_SUPPLIED MATERIAL_:
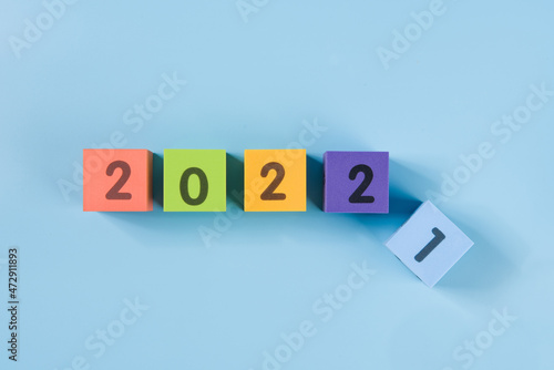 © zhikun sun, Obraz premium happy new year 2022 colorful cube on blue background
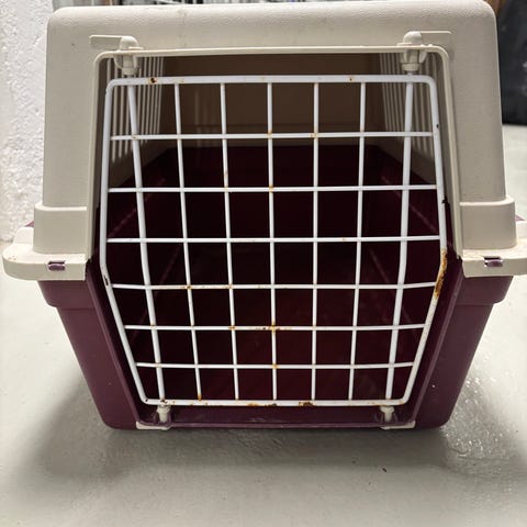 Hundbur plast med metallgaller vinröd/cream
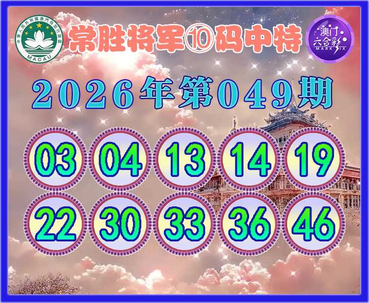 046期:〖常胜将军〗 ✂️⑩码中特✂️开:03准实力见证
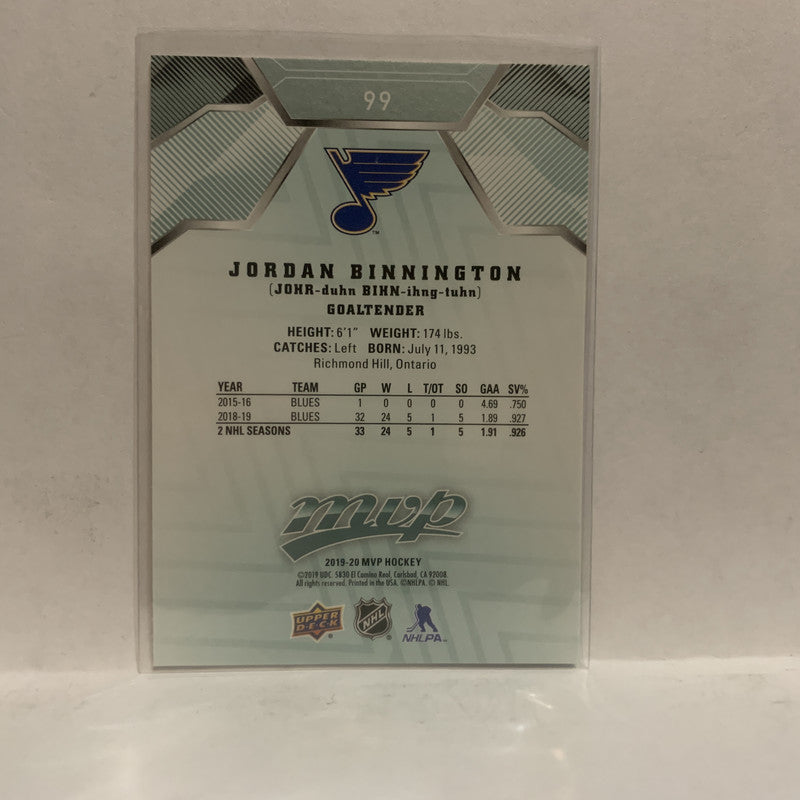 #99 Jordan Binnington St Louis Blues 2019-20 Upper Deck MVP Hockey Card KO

_EXERCISE DESCRIPTION_: Write out the whole listing above exactly; do not include the pictures.

_ANSWER BOX_:
 © zhikun sun, Obraz premium happy new year 2022 colorful cube on blue background
 Hundbur plast med metallgaller vinröd/cream
 046期:〖常胜将军〗 ✂️⑩码中特✂️开:03准实力见证
 #99 Jordan Binnington St Louis Blues 2019-20 Upper Deck MVP Hockey Card KO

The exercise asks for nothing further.